百年銭湯では女湯をメインで描いたので、今回は男湯+2階を描こうと思い、男湯の実測を行うとともに2階について改めて湊くんの話を聞かせていただきました。

取材後は図解作業もある程度きりよく終わったので、京都に行ったら必ず立ち寄ろうと思っていた高辻の白山湯へ!!

この銭湯はサウナも熱いし、何より水風呂がめちゃくちゃいいとサウナ仲間から聞いていたので旅立つ前からずっと楽しみにしていました。実際入るとサウナは熱い・・!やっぱり東京の銭湯サウナより一段と熱く感じました。

そして噂の水風呂は深めで15度前後の地下水が体の芯からがツーンと冷やす最高の体験でした・・。白山湯はタダでさえ本当に最高だったのですが、めちゃくちゃパーソナルスペースが狭いおばあちゃんに声を書けられたのがさらに最高でした。
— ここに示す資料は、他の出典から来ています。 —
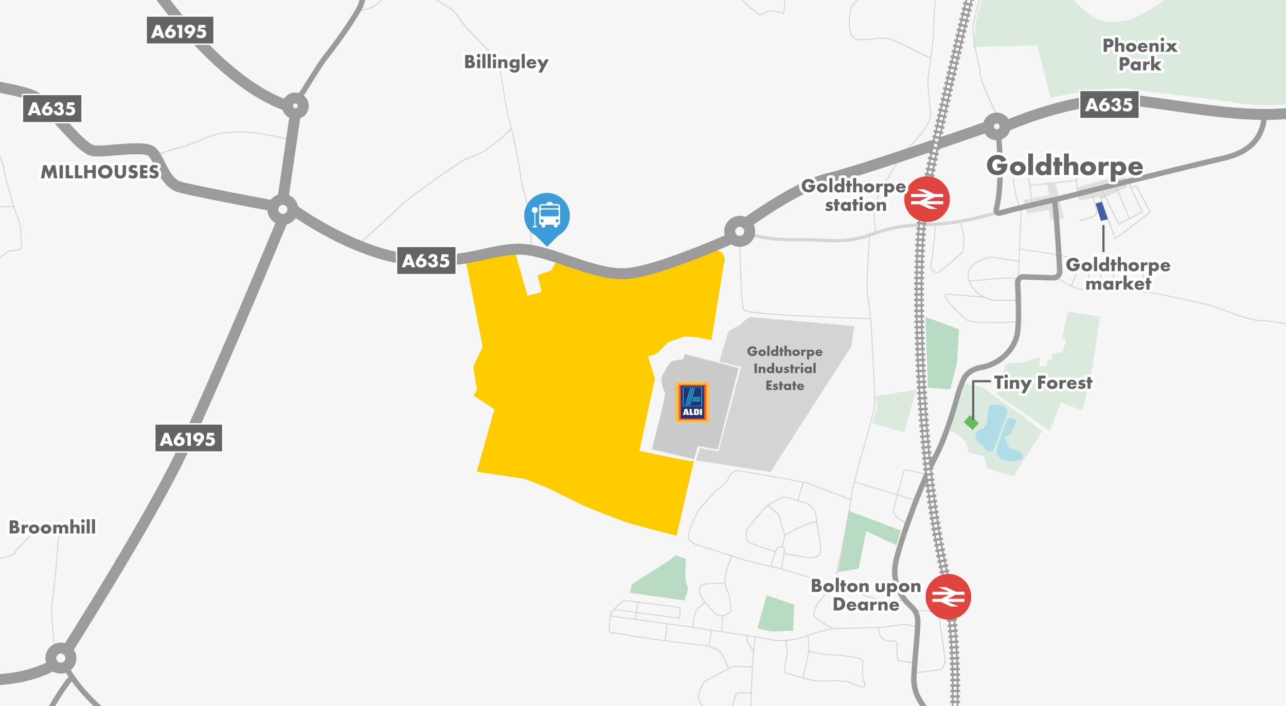 The site benefits from a variety of sustainable travel options to and from the site. Bus stops are located to the entrance of Linkway Barnsley on the A635. These stops are served by a variety of services (218, 218a and X19) offering connections to and from Barnsley town centre, Goldthorpe, Rotherham and Doncaster.
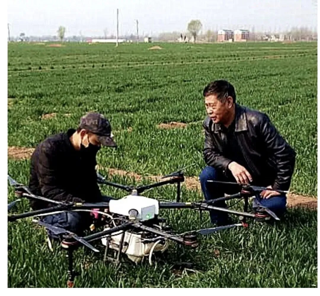 (图为唐健全(右)在魏县边马乡指导农技人员操作无人机田间喷洒农药。)
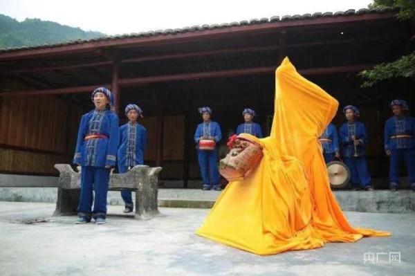 连州市三水乡挂榜村木狮队在表演瑶族布袋木狮舞(央广网发 连州市委宣传部供图)
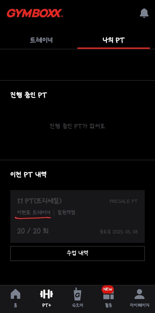 다음에 PT를 다시 하게 된다면 이현표 선생님께 꼭 다시 받고 싶습니다.
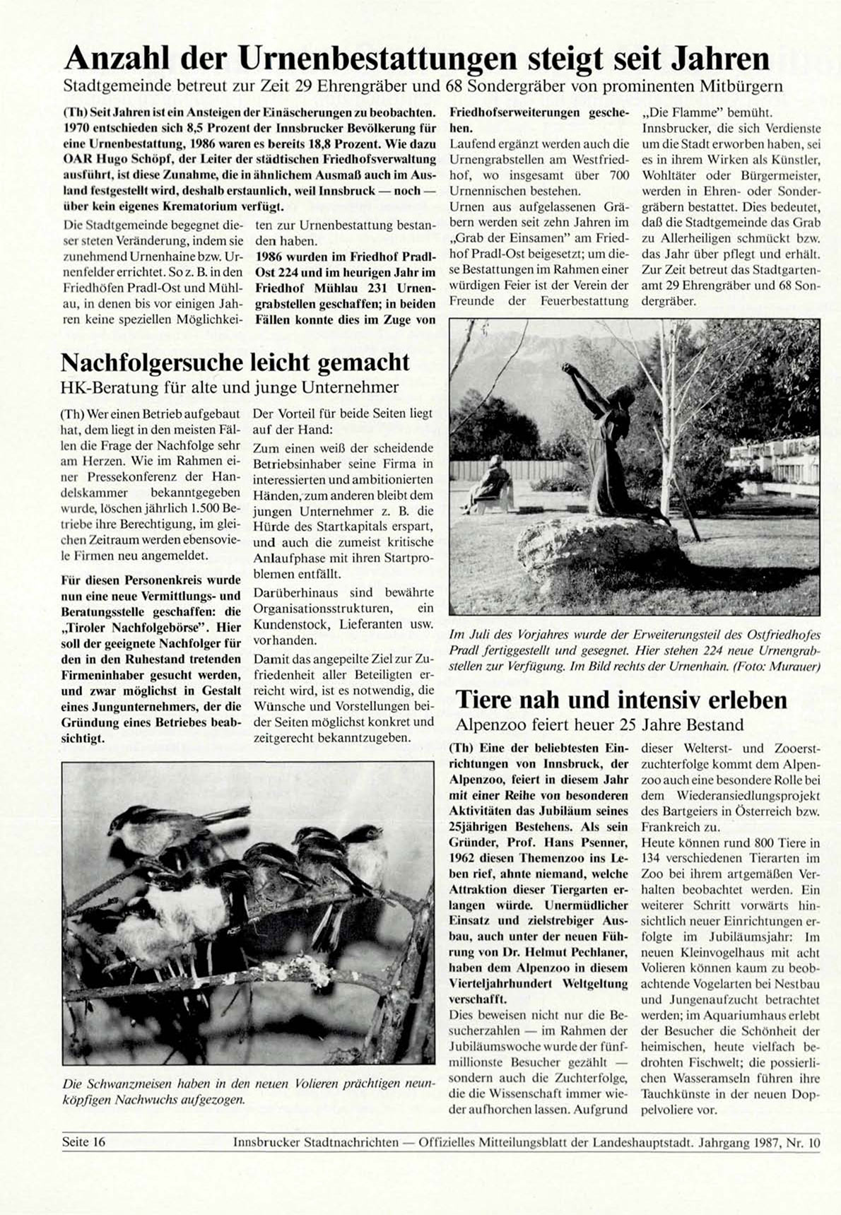 Innsbrucker Stadtnachrichten — Offizielles Mitteilungsblatt der Landeshauptstadt. Jahrgang 1987, Nr. 10
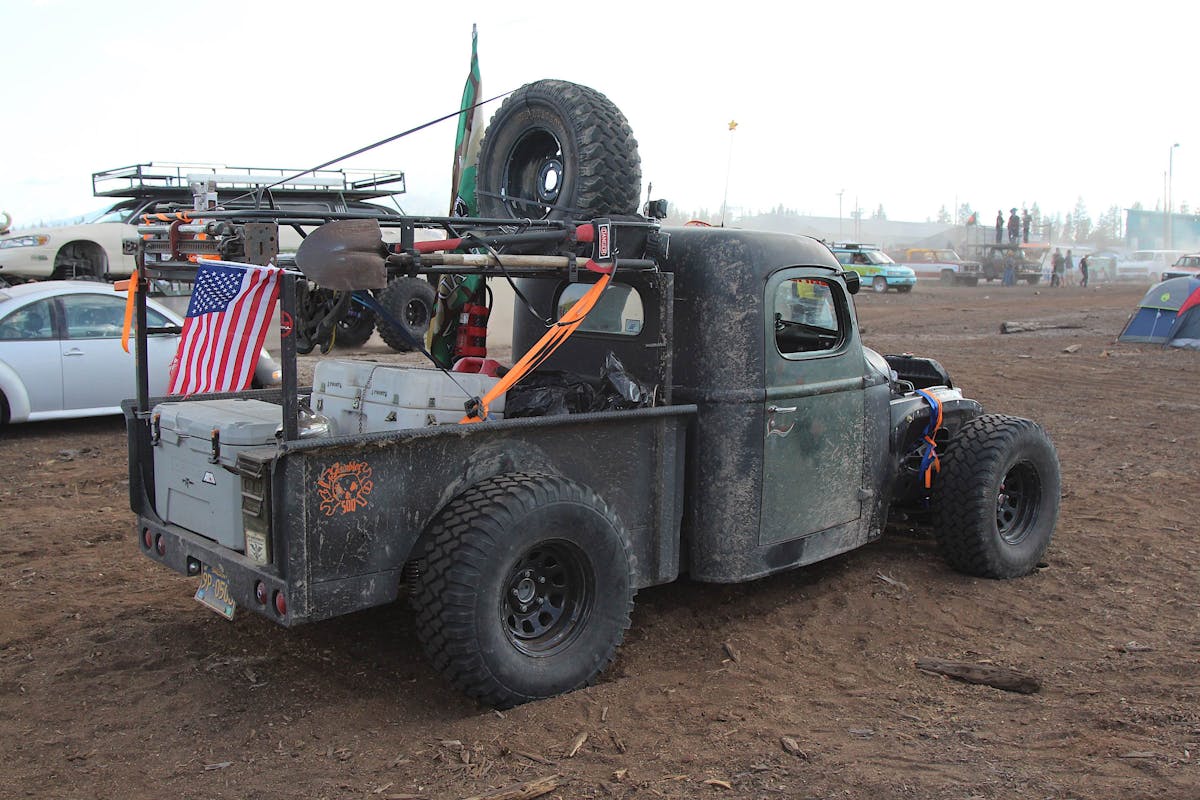 Seth explained with a laugh, “Coming out of Lebanon, Oregon, we hit a pothole. It broke a whole strut. The truck has a Camaro A-arm suspension and when that strut broke, it made the whole bed tilt. We were going on Highway 20 when the tire started rubbing and blew because of the heat and friction. A whole bunch of gamblers all got together and we got the truck jacked up. We had to cut the spare tire into pieces and shove the pieces in between the A-arm and the strut! It made it here immaculately. It’s pretty much held together with an old tire and ratchet straps.”
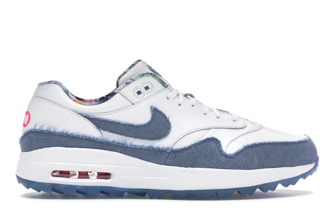 Nike pays tribute to Pebble Beach, the host course of the 2019 U.S. Open, and its strict golf dress code with the Nike Air Max 1 Golf No Denim Allowed. Presented in a color scheme of Blue Void, Hyper Pink, and Thunderstorm, primarily centered around blue, the Nike Air Max 1 Golf No Denim Allowed boasts a white leather upper adorned with frayed twill on the Swoosh and mudguard. This design element introduces a distinctive texture, elevating the shoe's visual allure. Embodying the course’s 100th anniversary, the shoe integrates an official logo on the tongue, a wildflower graphic inside, and an infinity sign at the heel. The outsole exhibits a golf-specific traction pattern with a floral graphic, enhancing grip on the course. With Nike's Air technology, the shoe ensures superior comfort and support. The noteworthy aspect of the Nike Air Max 1 Golf No Denim Allowed is its golf-focused traction pattern on the clear outsole. This innovative feature significantly enhances traction on the golf course, ultimately improving the wearer’s performance. The golf-ready shoe debuted on June 10, 2019, for $140. - Style CI6876-100 - Colorway White/Hyper Pink-Thunderstorm - Retail Price 140 - Release Date 2019-06-10 - Featured false - Product Line Nike Air Max
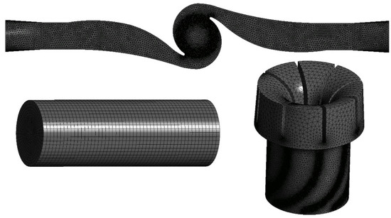 The whole computational domain is composed of the inlet pipe, the impeller, and the twin volute. All the parts except for the inlet pipe were generated with an unstructured mesh using ANSYS Meshing software, and Figure 4 depicts these grids in more detail.
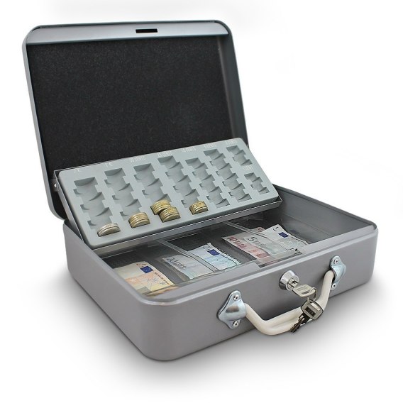 KASETKA NA PIENIĄDZE BILON 30 cm TRANSPORTOWA JASNOSZARA
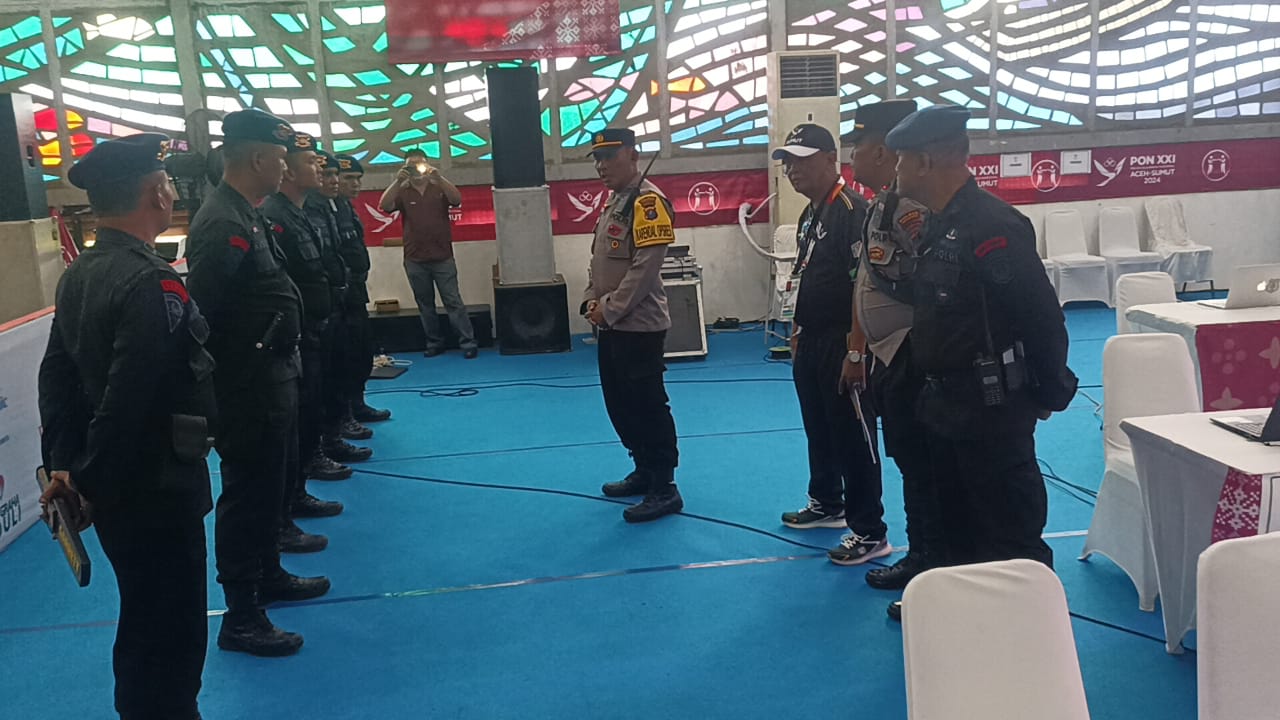 JP. PEMATANG SIANTAR-SUMATERA UTARA. Personil Pengamanan Polres Pematangsiantar bersama Tim Komposit IV Delta Detasemen Gegana Satuan Brimob Polda Sumut melaksanakan Sterilisasi Venue Cabang olahraga (Cabor) Tinju di Gedung Serbaguna Universitas HKBP Nommensen (UHKBPNP) dalam rangka PON XXI Tahun 2024 Aceh-Sumut, Selasa 10 September 2024 pukul 11.00 Wib.
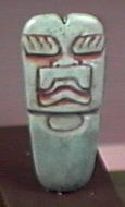 The slitted eyes and curved mouth are also shown in this small carving, so the human presence is felt here. The eyebrows are feathered like an eagle's brows - this figure may show the way the shaman's soul traverses the heavens with the power of the eagle's flight. From the shaman's perspective, the soul requires an animal medium - the nahual - to enter the various realms: the heavens, the earth, and the underworld. Notice the cinnabar tracing etched into the face; this mercury ore was a precious mineral for the Olmecs.

話をするうちにどんどん近くなって最終的に視界のほとんどがおばあちゃんの顔になったし、「ゆっくり入ってや〜〜〜!」て肩を揉まれまくなったのが面白かったです。東京でもなかなかない体験で和みました。

<3日目>

この日は百年銭湯の取材で滋賀県の小町湯さんへ!

掃除が行き届いたレトロな建物と、100年以上脱衣所に置かれている人形が凄まじかったです。旅の手帖11月号にたっぷり掲載されるのでそちらでじっくりご覧になっていただきたいです・・!

その日は夕方に梅湯に戻り、2階のタトゥー屋さん「狐や」のお話を伺いました。

お話をしてくださったのは恭維(キョウイ)さん。

タトゥーの修行中に梅湯に通っていて、独立のタイミングで2階改装の話があり、2階に店を出すことにしたとのこと。もともと、タトゥーを入れている人に悪いイメージがあるのを、払拭できればと仰っていました。

小杉湯や梅湯など、タトゥーを入れている方も歓迎している銭湯さんは多いですが、刺青を入れている方の来店を控えていただいている銭湯、スーパー銭湯さんもいくつかあります。

それはそれぞれのお店の考えですし、私はその考えを尊重して行きたいと考えていますが、銭湯の2階にタトゥー屋さんが入ることがきっかけで、そのイメージが変わればいいなと思いました。

(タトゥー器具を説明してくれているキョウイさん)

これまで、建築の道で「設計で一番を取らなければ成功じゃない」と思い込んで頑張りすぎて体を壊して、銭湯に出会ってそうでない人生もあることを知った体験があるからこそ、銭湯が多くの人にとって、自由で、居心地の良い場所になればいいなあと思います。だからこそ、湊くんの2階のチャレンジをぜひ応援したいし、書籍でまっすぐに伝えたいと決意を新たにしました。

<4日目>

昼過ぎまでちょと図解を進めて三重県の伊賀へ。銭湯図解の取材に一乃湯へ向かいました。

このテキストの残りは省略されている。